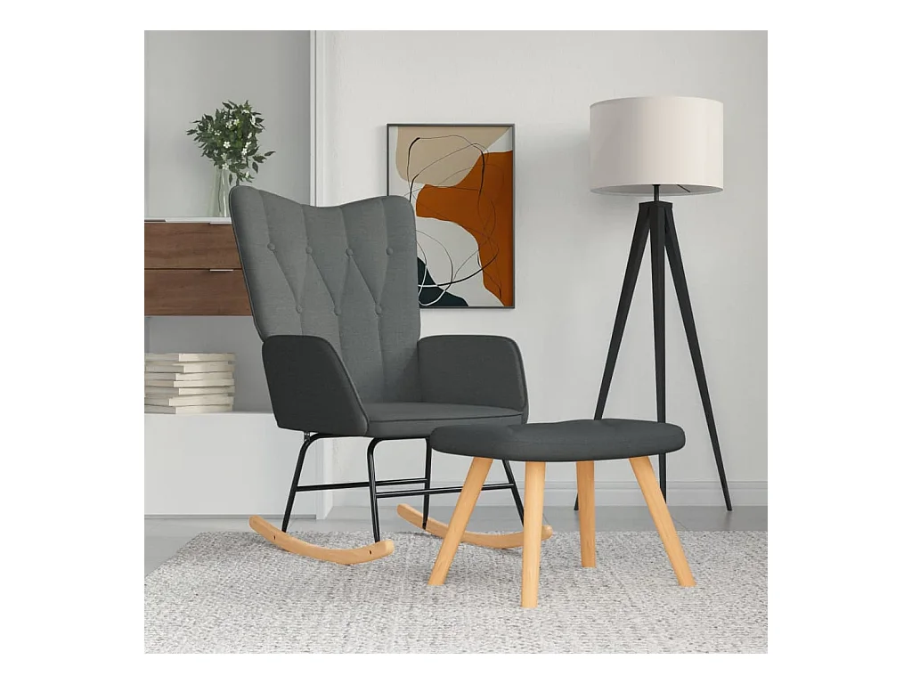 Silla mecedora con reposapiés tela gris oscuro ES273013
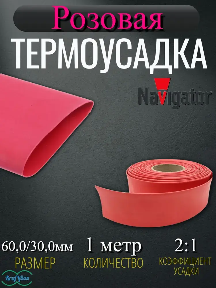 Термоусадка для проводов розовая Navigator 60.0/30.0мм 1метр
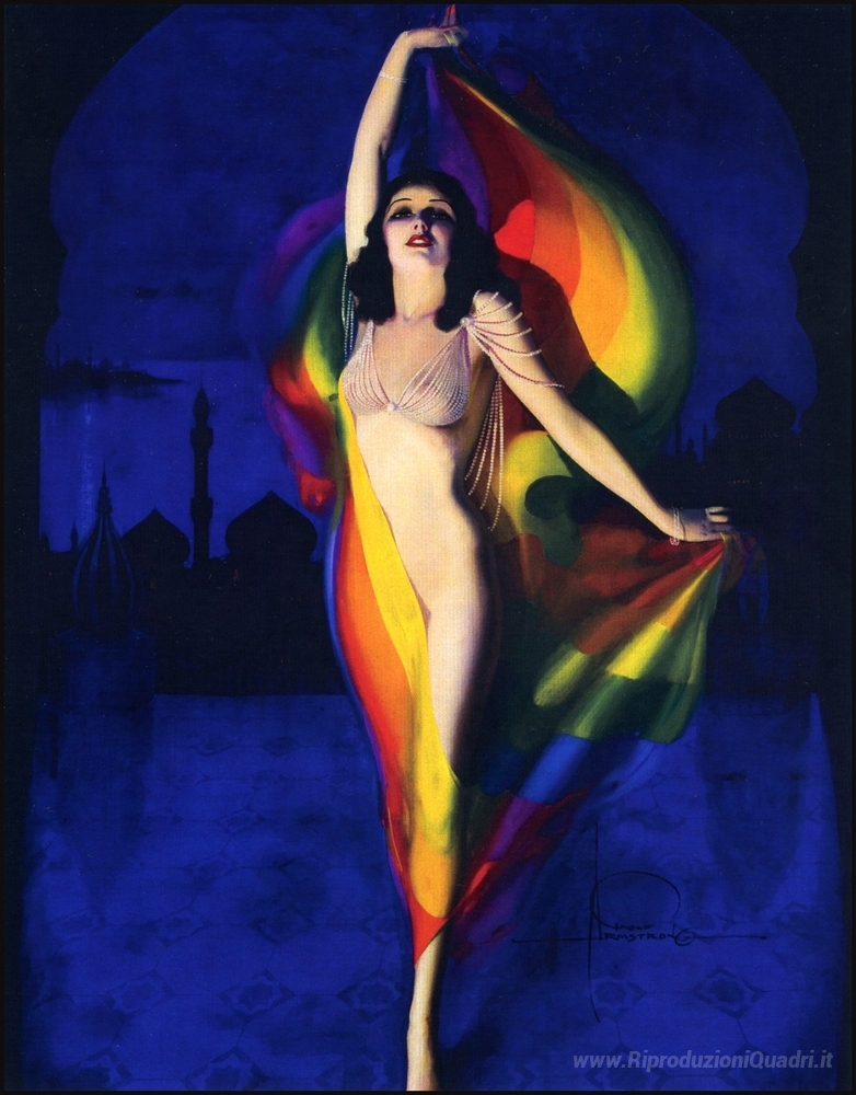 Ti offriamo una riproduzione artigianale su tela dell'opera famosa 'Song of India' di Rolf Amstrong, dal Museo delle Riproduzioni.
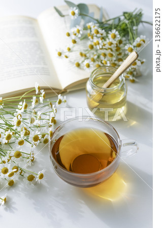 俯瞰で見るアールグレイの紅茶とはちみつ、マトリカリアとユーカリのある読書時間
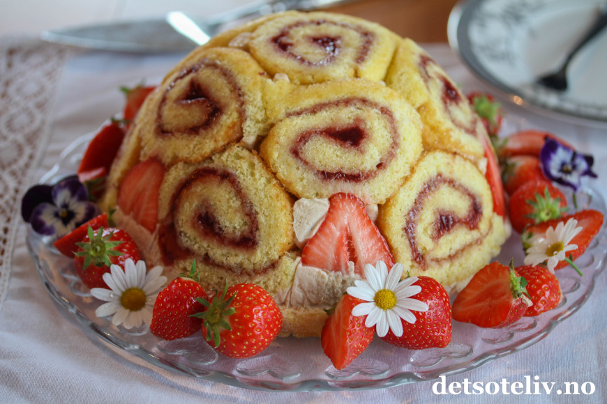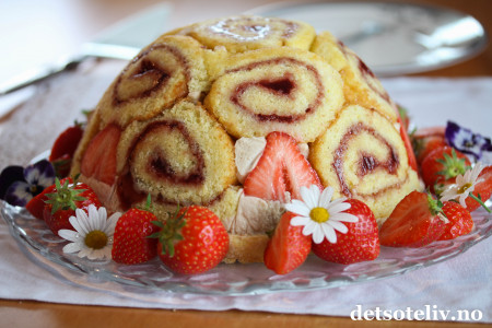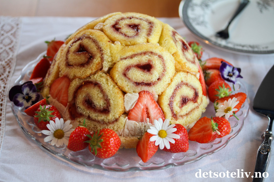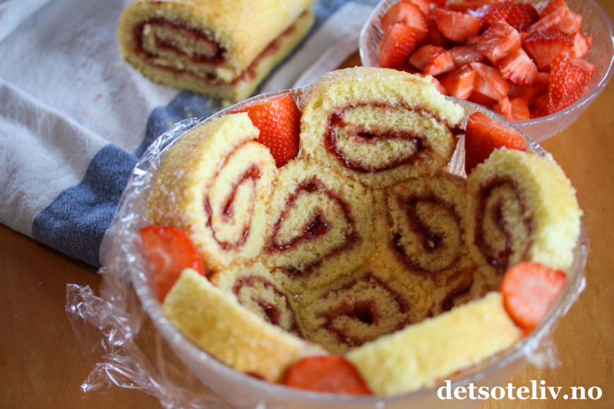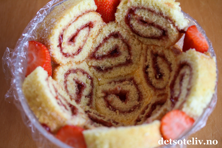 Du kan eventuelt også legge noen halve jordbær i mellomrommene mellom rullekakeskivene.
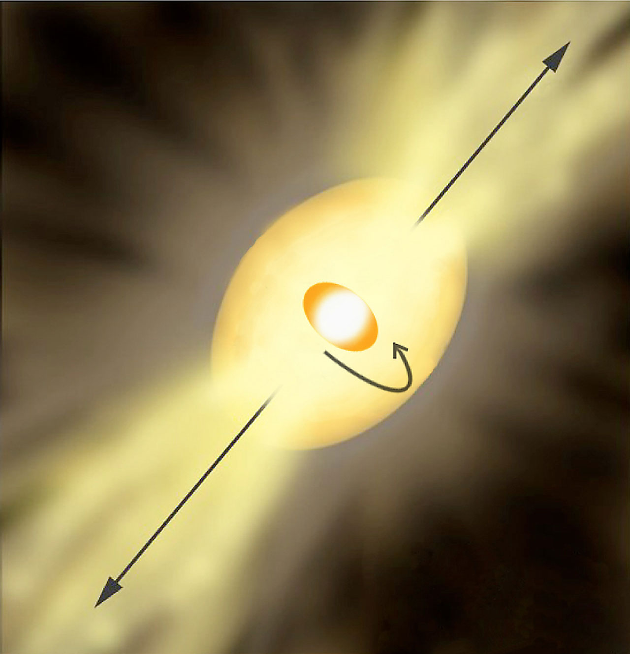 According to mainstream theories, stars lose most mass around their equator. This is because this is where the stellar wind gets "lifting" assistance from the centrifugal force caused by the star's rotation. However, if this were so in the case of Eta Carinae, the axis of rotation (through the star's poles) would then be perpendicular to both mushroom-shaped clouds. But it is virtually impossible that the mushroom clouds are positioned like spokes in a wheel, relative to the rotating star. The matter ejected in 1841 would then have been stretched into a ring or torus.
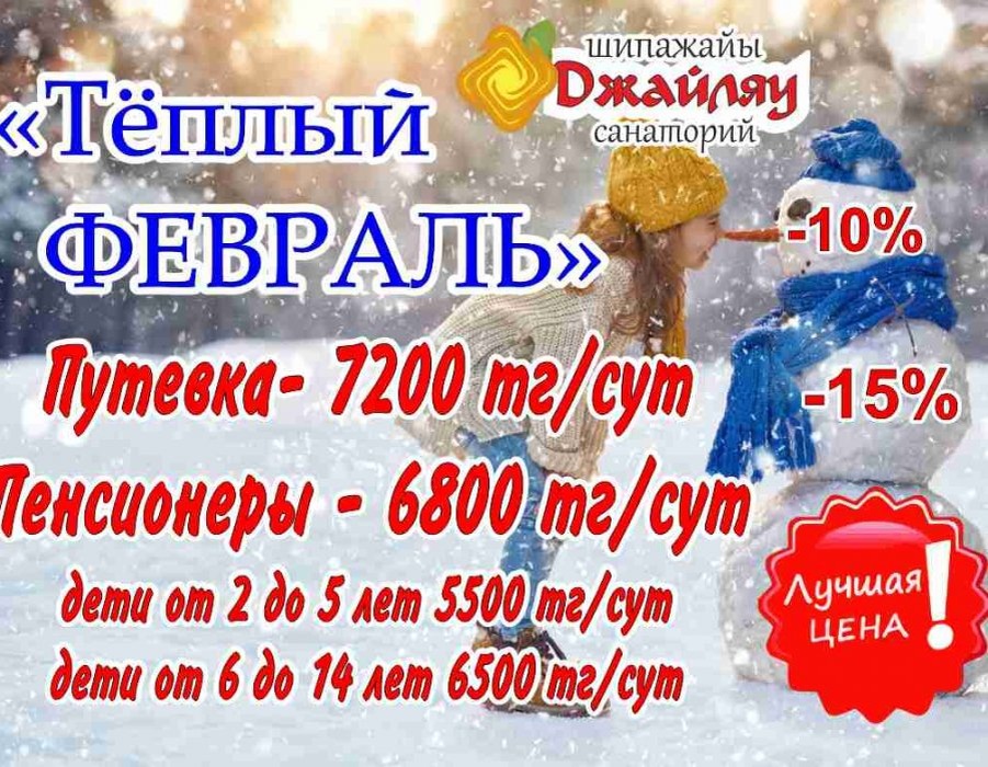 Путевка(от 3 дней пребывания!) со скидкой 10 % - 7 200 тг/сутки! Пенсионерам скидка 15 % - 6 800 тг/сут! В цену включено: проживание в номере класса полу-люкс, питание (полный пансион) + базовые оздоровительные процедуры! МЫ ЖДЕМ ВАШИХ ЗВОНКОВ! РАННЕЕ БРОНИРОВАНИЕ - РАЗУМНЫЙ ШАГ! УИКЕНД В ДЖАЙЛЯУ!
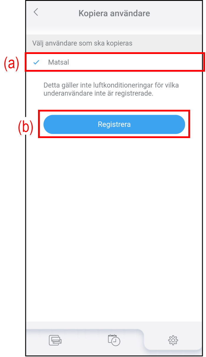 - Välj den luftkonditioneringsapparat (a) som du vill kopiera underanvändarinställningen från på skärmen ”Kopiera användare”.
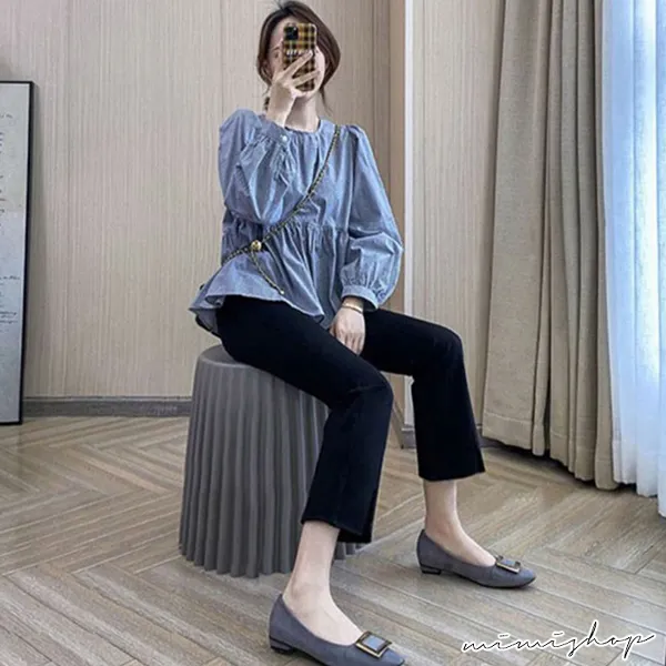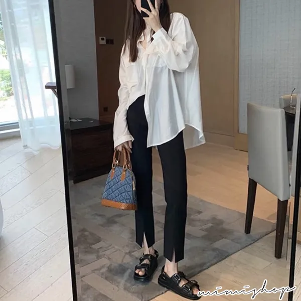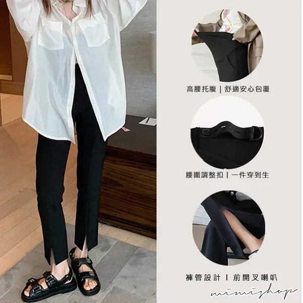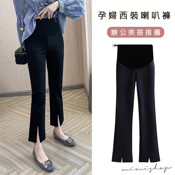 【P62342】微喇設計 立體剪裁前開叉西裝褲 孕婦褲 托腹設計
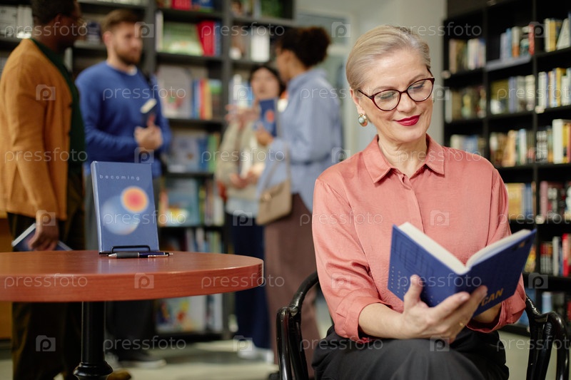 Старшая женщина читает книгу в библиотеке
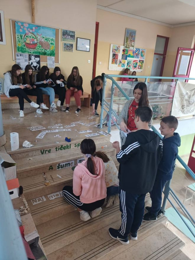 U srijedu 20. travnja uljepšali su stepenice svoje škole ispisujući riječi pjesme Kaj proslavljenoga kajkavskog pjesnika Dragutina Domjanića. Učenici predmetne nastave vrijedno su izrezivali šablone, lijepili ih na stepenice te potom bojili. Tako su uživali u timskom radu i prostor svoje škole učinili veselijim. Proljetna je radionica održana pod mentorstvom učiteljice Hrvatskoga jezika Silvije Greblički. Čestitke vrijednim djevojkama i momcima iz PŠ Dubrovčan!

○ ○ ○ ○

WHAT YOU SHOULD DO: Copy verbatim the span that begins at the line containing "According to mainstream" and ends at the last line of the material, inclusive of both; exclude pictures.

EXPECTED ANSWER:
 According to mainstream theories, stars lose most mass around their equator. This is because this is where the stellar wind gets "lifting" assistance from the centrifugal force caused by the star's rotation. However, if this were so in the case of Eta Carinae, the axis of rotation (through the star's poles) would then be perpendicular to both mushroom-shaped clouds. But it is virtually impossible that the mushroom clouds are positioned like spokes in a wheel, relative to the rotating star. The matter ejected in 1841 would then have been stretched into a ring or torus.
 Путевка(от 3 дней пребывания!) со скидкой 10 % - 7 200 тг/сутки! Пенсионерам скидка 15 % - 6 800 тг/сут! В цену включено: проживание в номере класса полу-люкс, питание (полный пансион) + базовые оздоровительные процедуры! МЫ ЖДЕМ ВАШИХ ЗВОНКОВ! РАННЕЕ БРОНИРОВАНИЕ - РАЗУМНЫЙ ШАГ! УИКЕНД В ДЖАЙЛЯУ!
 - Välj den luftkonditioneringsapparat (a) som du vill kopiera underanvändarinställningen från på skärmen ”Kopiera användare”.
 【P62342】微喇設計 立體剪裁前開叉西裝褲 孕婦褲 托腹設計
 Старшая женщина читает книгу в библиотеке
 U srijedu 20. travnja uljepšali su stepenice svoje škole ispisujući riječi pjesme Kaj proslavljenoga kajkavskog pjesnika Dragutina Domjanića. Učenici predmetne nastave vrijedno su izrezivali šablone, lijepili ih na stepenice te potom bojili. Tako su uživali u timskom radu i prostor svoje škole učinili veselijim. Proljetna je radionica održana pod mentorstvom učiteljice Hrvatskoga jezika Silvije Greblički. Čestitke vrijednim djevojkama i momcima iz PŠ Dubrovčan!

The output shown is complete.